Due to the relatively low scattering power of hydrogen atoms (which arises from the lack of any core electron density), it is difficult to define the positions and thermal parameters for hydrogen atoms using X-ray diffraction data alone. Therefore, for a long time constraints and restraints on both position and isotropic displacement parameters (most commonly elongation of X—H bond lengths to standard neutron values and the `riding' approximation) were used during refinements. Current quantum crystallography methods like HAR and TAAM enable us to precisely find positions of hydrogen atoms, even in the case of strong hydrogen bonds or for hydrogen atoms bonded to transition metals. Unfortunately, hydrogen atom ADPs purely from diffraction data are difficult to capture even with HAR – in many cases they are elongated in one direction, sometimes non-positive definite. Despite this obstacle, the positions of hydrogen atoms can be found accurately, even when using an isotropic displacement parameters for the hydrogen atoms. On the contrary, for more accurate calculations of properties of charge density distribution, particularly when employing a multipole model or refining the wavefunction constrained by X-ray data (Jayatilaka & Grimwood, 2001 ), it is essential to correct the X—H bond distances and apply ADPs for hydrogen atoms during the refinement process (Hoser et al., 2009 ; Madsen et al., 2004 ; Malaspina et al., 2020 ). Hydrogen ADPs can be obtained via theoretical calculations, or from the SHADE server or normal-mode refinement, as described below.

9.1. The SHADE approach

It is possible to analyse the vibrational motion of hydrogen atoms in a similar vein as the statistical analysis of X—H bond lengths derived from neutron diffraction studies found in International tables for crystallography Volume C (Allen et al., 2006 ). When the total atomic mean square displacement tensor U has been determined from neutron diffraction experiments, and the rigid molecular motion U_rigid has been determined from a rigid-body analysis of the non-hydrogen ADPs, it becomes possible to get an estimate of the internal motion of the hydrogen atoms:

$[U_{\rm internal} = U_{\rm total} - U_{\rm rigid}. \eqno (9)]$

It was noted by Johnson (1970 $[Johnson, C. K. (1970). Thermal neutron diffraction, edited by B. T. M. Willis, pp. 132-160. Oxford University Press.]$ ) that the mean square displacements derived from U_internal of hydrogen atoms were in good agreement with spectroscopic information, showing systematic trends corresponding to the functional group that hydrogen was part of. Similar observations were made by Craven and co-workers in the analysis of several systems (Gao et al., 1994 ; Kampermann et al., 1995 ; Luo et al., 1996 ; Weber et al., 1991 ). The internal torsional motion of a range of librating groups – including methyl, carboxyl and amino – was also thoroughly investigated by Trueblood & Dunitz (1983) based on more than 125 neutron diffraction studies of molecular crystals from the literature.

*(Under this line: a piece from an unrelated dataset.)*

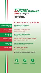 Од понеделник, 9 јуни до сабота 14 јуни, во Кинотеката на Република Северна Македонија во Скопје ќе се одржи XXV издание на „Неделата на италијанскиот филм“.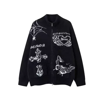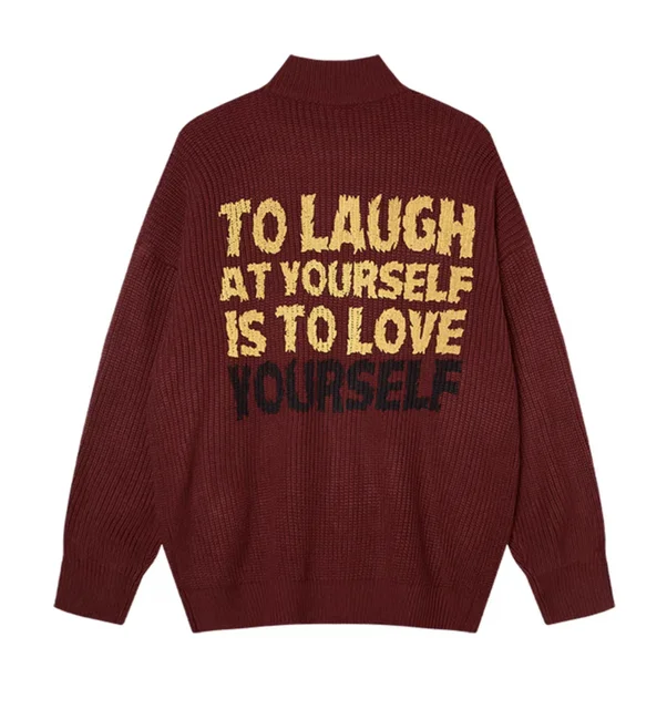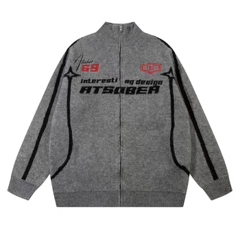 Custom Printed Graphic Pattern Letter Knit Cardigan for Men 100% Cotton Breathable Streetwear Style for Winter

Inspired by these results, we analysed a range of neutron structures found in the literature, and the estimates of internal motion were collected in a `library' and later improved and enhanced with more statistical material (Madsen et al., 2003 ; Munshi et al., 2008 ). The present SHADE2 library provides mean values of internal stretch modes as well as in-plane and out-of-plane bending modes for a range of chemical groups involving hydrogen bound to C, N and O. The library forms the basis for assigning ADPs to hydrogen atoms in the SHADE server (Madsen, 2006 ), which allows users to submit a CIF containing the atomic coordinates and the ADPs of the non-hydrogen atoms. The server performs a TLS analysis using the THMA11 program and combines the rigid-body motion with the internal motion obtained from analysis of neutron diffraction data. The SHADE server is available at http://crystallography.if.ku.dk.

Several approaches to estimate hydrogen ADPs have been proposed, e.g. ADPH (Roversi & Destro, 2004 ), TLS+ONIOM (Whitten & Spackman, 2006 ), APD (Lübben et al., 2015 ) and SHADE3 (Madsen & Hoser, 2014 ). The ADPH, SHADE and TLS+ONIOM approaches have been compared by Munshi et al. (2008). They differ primarily in the way the internal motion is estimated. The ADPs of hydrogen atoms in 1-methyluracil based on these approaches are compared in Fig. 6. All approaches were found to be in good agreement with the ADPs based on neutron diffraction experiments. A full periodic DFT approach in the quasi-harmonic approximation can yield very similar results (Mroz et al., 2021 ).

Figure 6
Estimated hydrogen atom ADPs for 1-methyluracil using various approaches.

10. Extracting physical properties from ADP analysis

When the ADPs are accurately determined and there is no sign of disorder they might be used for estimation of thermodynamic properties. This approach can be traced back to Cruickshank (1956d ), who estimated the entropy of crystalline naphthalene in 1956. In a similar vein, Madsen and Larsen used frequencies obtained from TLS for estimation of the vibrational entropy of a solid (Madsen & Larsen, 2007 ). They applied this procedure to obtain the difference in vibrational entropy for the epimeric compounds xylitol and ribitol. Subsequently, this approach was applied for polymorphs of 2-pyridinecarboxaldehyde hydrazones (Mazur et al., 2016 ) as well as nicotinamide and pyrazinamide (Jarzembska et al., 2014 ).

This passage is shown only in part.